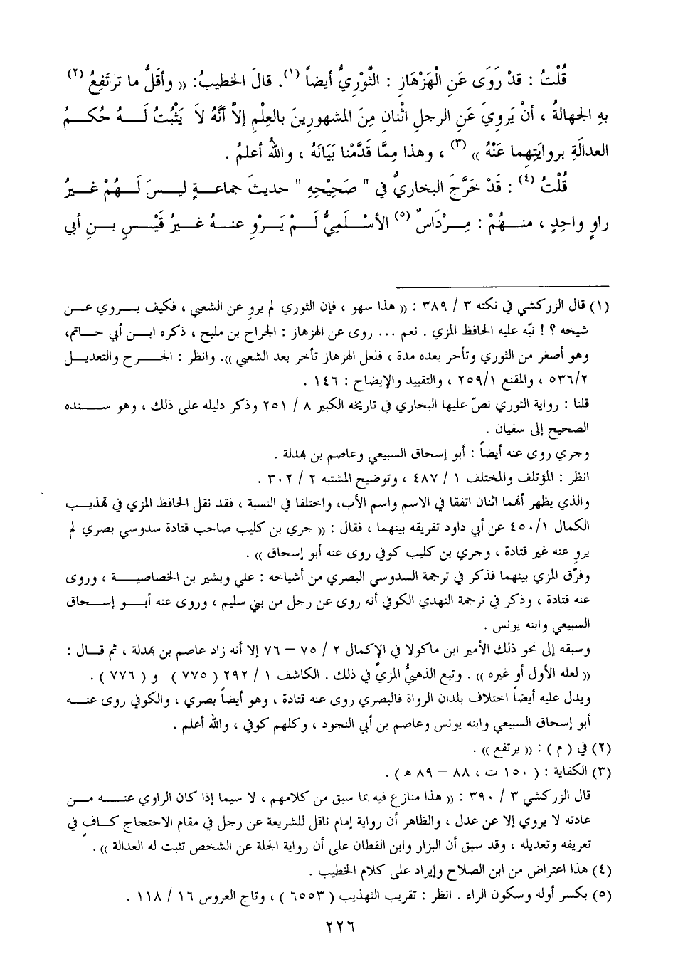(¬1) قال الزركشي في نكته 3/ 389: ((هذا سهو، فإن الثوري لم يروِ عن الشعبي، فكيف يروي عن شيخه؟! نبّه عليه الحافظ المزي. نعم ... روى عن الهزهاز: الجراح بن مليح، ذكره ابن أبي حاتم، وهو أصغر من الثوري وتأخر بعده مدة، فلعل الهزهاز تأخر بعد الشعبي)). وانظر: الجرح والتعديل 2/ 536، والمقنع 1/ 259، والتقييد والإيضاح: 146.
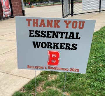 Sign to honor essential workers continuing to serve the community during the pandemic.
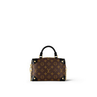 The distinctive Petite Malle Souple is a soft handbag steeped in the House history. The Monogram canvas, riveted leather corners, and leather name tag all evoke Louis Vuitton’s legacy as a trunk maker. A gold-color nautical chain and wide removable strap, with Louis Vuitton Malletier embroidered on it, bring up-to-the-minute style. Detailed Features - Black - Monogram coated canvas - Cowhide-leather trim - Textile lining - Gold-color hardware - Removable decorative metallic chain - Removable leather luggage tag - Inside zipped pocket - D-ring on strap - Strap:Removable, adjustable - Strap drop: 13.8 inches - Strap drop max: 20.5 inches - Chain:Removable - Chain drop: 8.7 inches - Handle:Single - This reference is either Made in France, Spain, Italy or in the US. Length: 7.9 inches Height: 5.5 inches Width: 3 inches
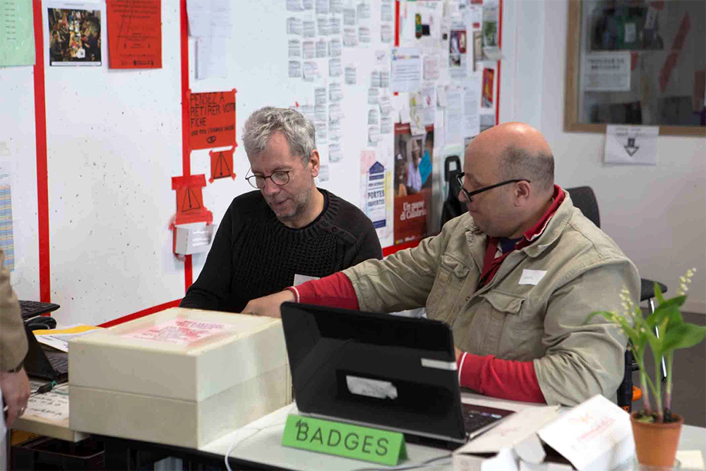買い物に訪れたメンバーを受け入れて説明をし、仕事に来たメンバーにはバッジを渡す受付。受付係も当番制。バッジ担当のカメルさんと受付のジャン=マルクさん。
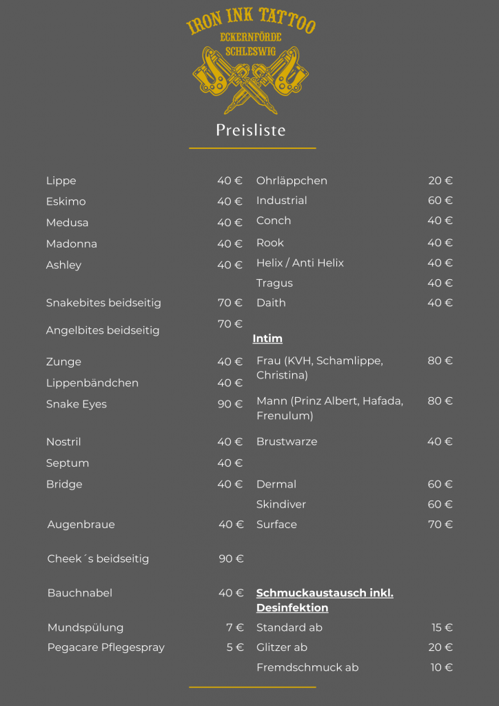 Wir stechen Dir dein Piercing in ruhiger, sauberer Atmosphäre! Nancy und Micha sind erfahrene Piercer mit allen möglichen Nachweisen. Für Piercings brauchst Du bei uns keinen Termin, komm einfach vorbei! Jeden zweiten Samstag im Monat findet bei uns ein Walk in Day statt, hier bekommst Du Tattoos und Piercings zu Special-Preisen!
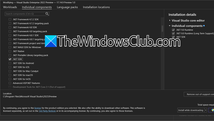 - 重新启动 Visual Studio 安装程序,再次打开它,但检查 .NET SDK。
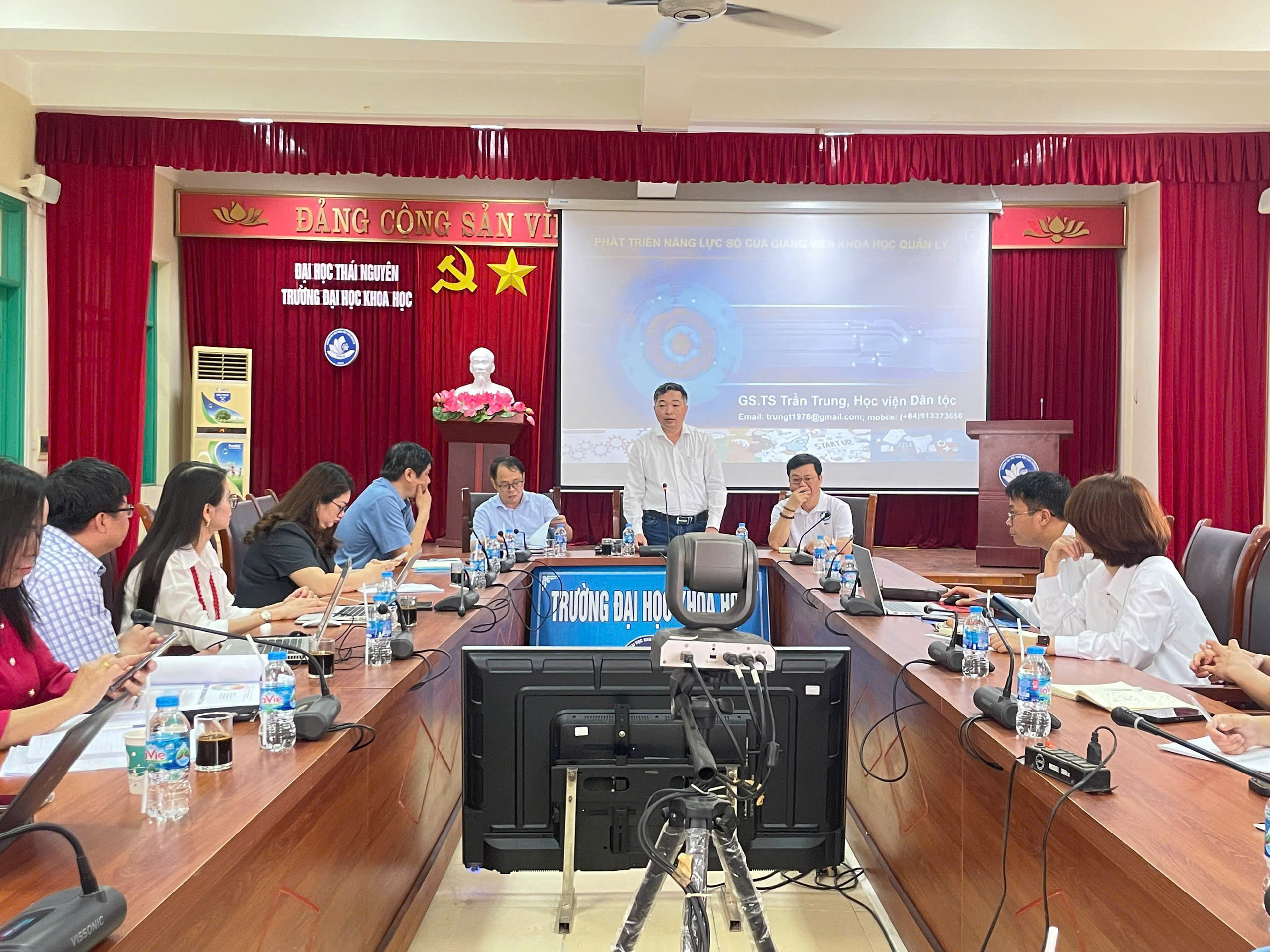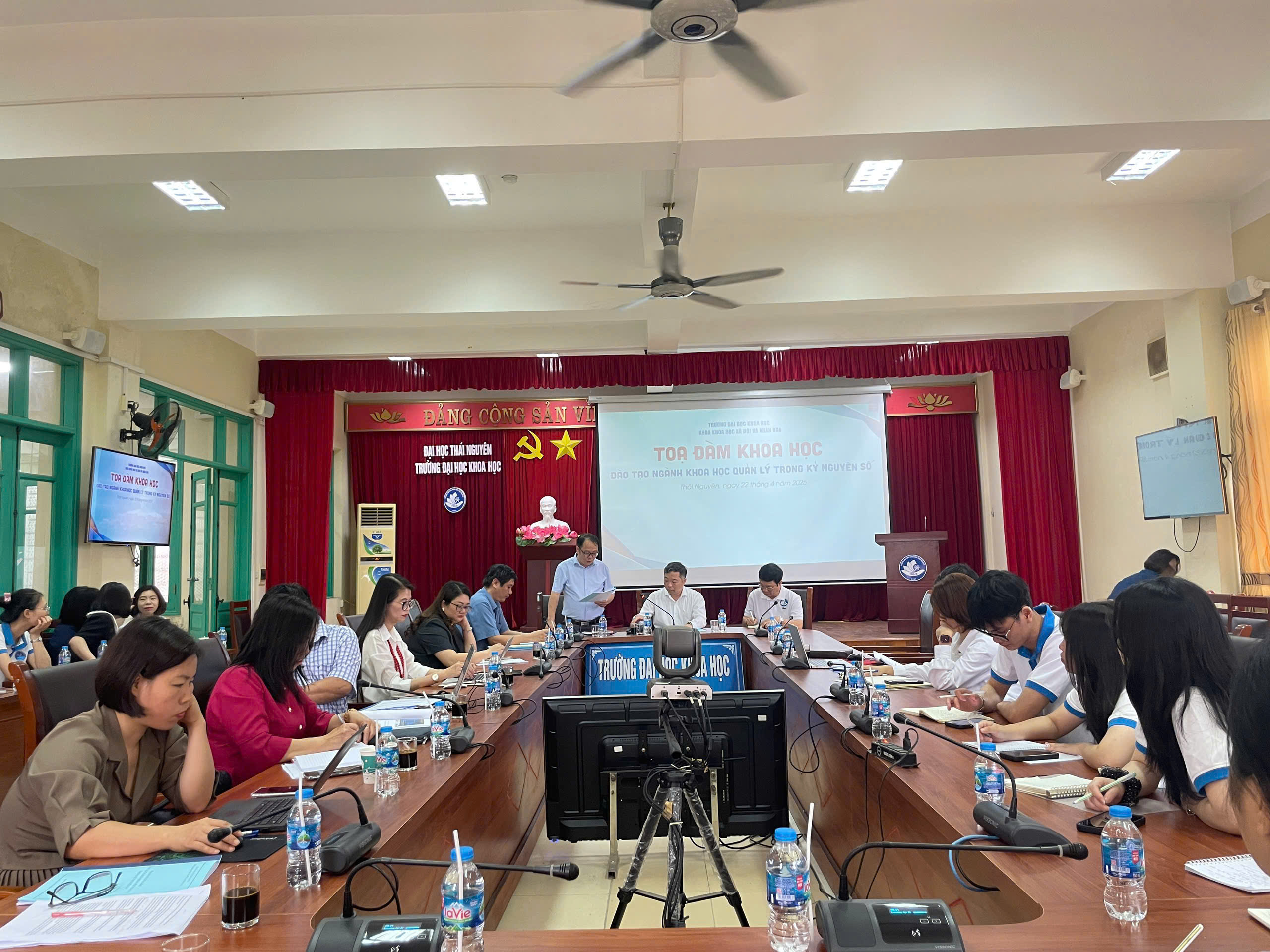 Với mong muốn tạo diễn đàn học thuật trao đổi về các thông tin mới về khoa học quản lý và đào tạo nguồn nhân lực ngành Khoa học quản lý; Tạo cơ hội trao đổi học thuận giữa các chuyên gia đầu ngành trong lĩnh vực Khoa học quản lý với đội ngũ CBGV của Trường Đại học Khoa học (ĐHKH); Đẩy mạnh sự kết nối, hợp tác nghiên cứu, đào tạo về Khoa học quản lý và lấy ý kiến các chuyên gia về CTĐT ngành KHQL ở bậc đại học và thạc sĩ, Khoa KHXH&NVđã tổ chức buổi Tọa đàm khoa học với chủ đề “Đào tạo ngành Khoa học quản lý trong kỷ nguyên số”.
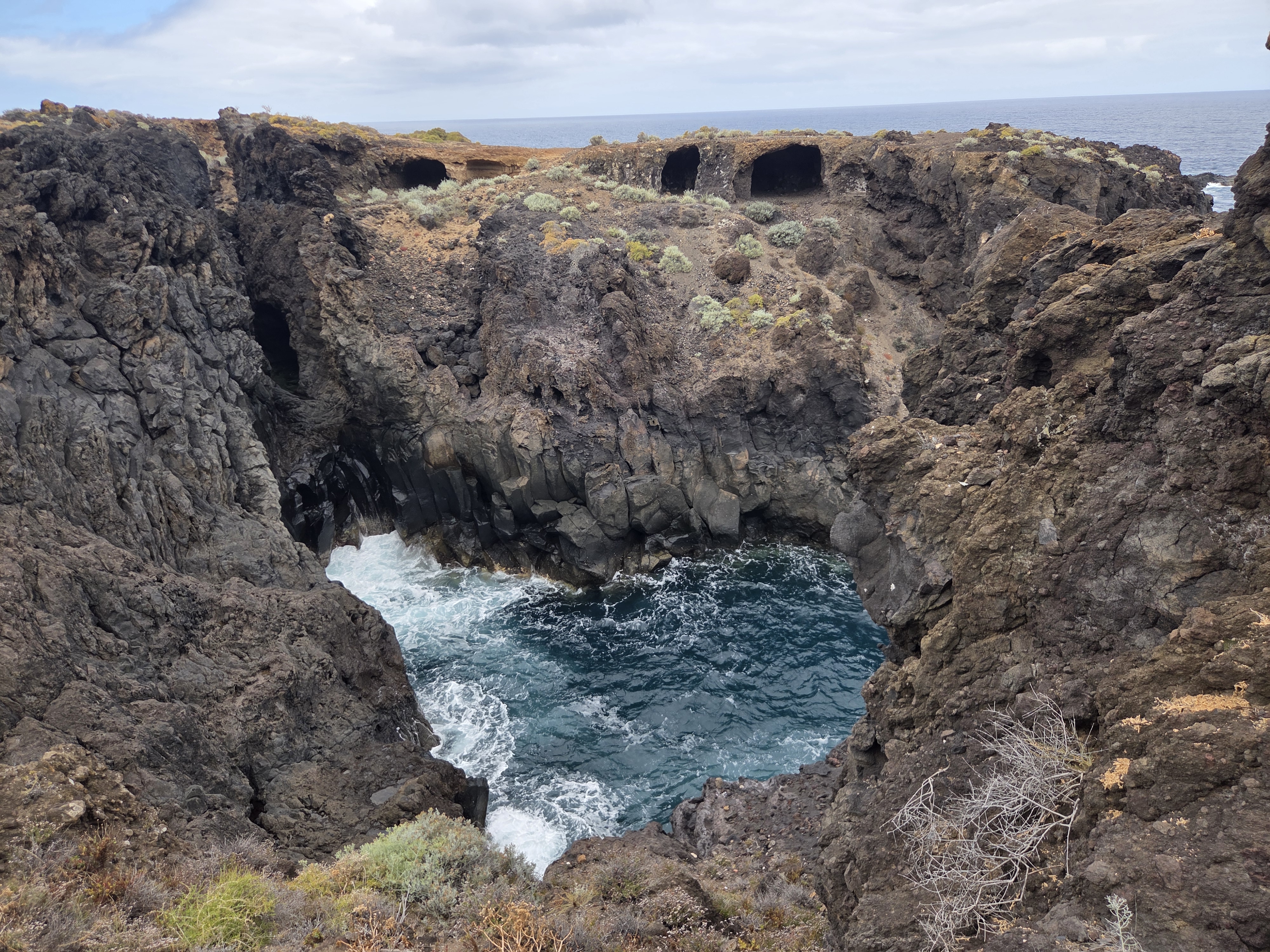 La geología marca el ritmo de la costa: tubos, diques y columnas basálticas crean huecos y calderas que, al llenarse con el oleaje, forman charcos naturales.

- - - -

### Task objective
Only the entries themselves should be output, word for word, with all pictures omitted.

### Written solution
(¬1) قال الزركشي في نكته 3/ 389: ((هذا سهو، فإن الثوري لم يروِ عن الشعبي، فكيف يروي عن شيخه؟! نبّه عليه الحافظ المزي. نعم ... روى عن الهزهاز: الجراح بن مليح، ذكره ابن أبي حاتم، وهو أصغر من الثوري وتأخر بعده مدة، فلعل الهزهاز تأخر بعد الشعبي)). وانظر: الجرح والتعديل 2/ 536، والمقنع 1/ 259، والتقييد والإيضاح: 146.
 Sign to honor essential workers continuing to serve the community during the pandemic.
 The distinctive Petite Malle Souple is a soft handbag steeped in the House history. The Monogram canvas, riveted leather corners, and leather name tag all evoke Louis Vuitton’s legacy as a trunk maker. A gold-color nautical chain and wide removable strap, with Louis Vuitton Malletier embroidered on it, bring up-to-the-minute style. Detailed Features - Black - Monogram coated canvas - Cowhide-leather trim - Textile lining - Gold-color hardware - Removable decorative metallic chain - Removable leather luggage tag - Inside zipped pocket - D-ring on strap - Strap:Removable, adjustable - Strap drop: 13.8 inches - Strap drop max: 20.5 inches - Chain:Removable - Chain drop: 8.7 inches - Handle:Single - This reference is either Made in France, Spain, Italy or in the US. Length: 7.9 inches Height: 5.5 inches Width: 3 inches
買い物に訪れたメンバーを受け入れて説明をし、仕事に来たメンバーにはバッジを渡す受付。受付係も当番制。バッジ担当のカメルさんと受付のジャン=マルクさん。
 Wir stechen Dir dein Piercing in ruhiger, sauberer Atmosphäre! Nancy und Micha sind erfahrene Piercer mit allen möglichen Nachweisen. Für Piercings brauchst Du bei uns keinen Termin, komm einfach vorbei! Jeden zweiten Samstag im Monat findet bei uns ein Walk in Day statt, hier bekommst Du Tattoos und Piercings zu Special-Preisen!
 - 重新启动 Visual Studio 安装程序,再次打开它,但检查 .NET SDK。
 Với mong muốn tạo diễn đàn học thuật trao đổi về các thông tin mới về khoa học quản lý và đào tạo nguồn nhân lực ngành Khoa học quản lý; Tạo cơ hội trao đổi học thuận giữa các chuyên gia đầu ngành trong lĩnh vực Khoa học quản lý với đội ngũ CBGV của Trường Đại học Khoa học (ĐHKH); Đẩy mạnh sự kết nối, hợp tác nghiên cứu, đào tạo về Khoa học quản lý và lấy ý kiến các chuyên gia về CTĐT ngành KHQL ở bậc đại học và thạc sĩ, Khoa KHXH&NVđã tổ chức buổi Tọa đàm khoa học với chủ đề “Đào tạo ngành Khoa học quản lý trong kỷ nguyên số”.
 La geología marca el ritmo de la costa: tubos, diques y columnas basálticas crean huecos y calderas que, al llenarse con el oleaje, forman charcos naturales.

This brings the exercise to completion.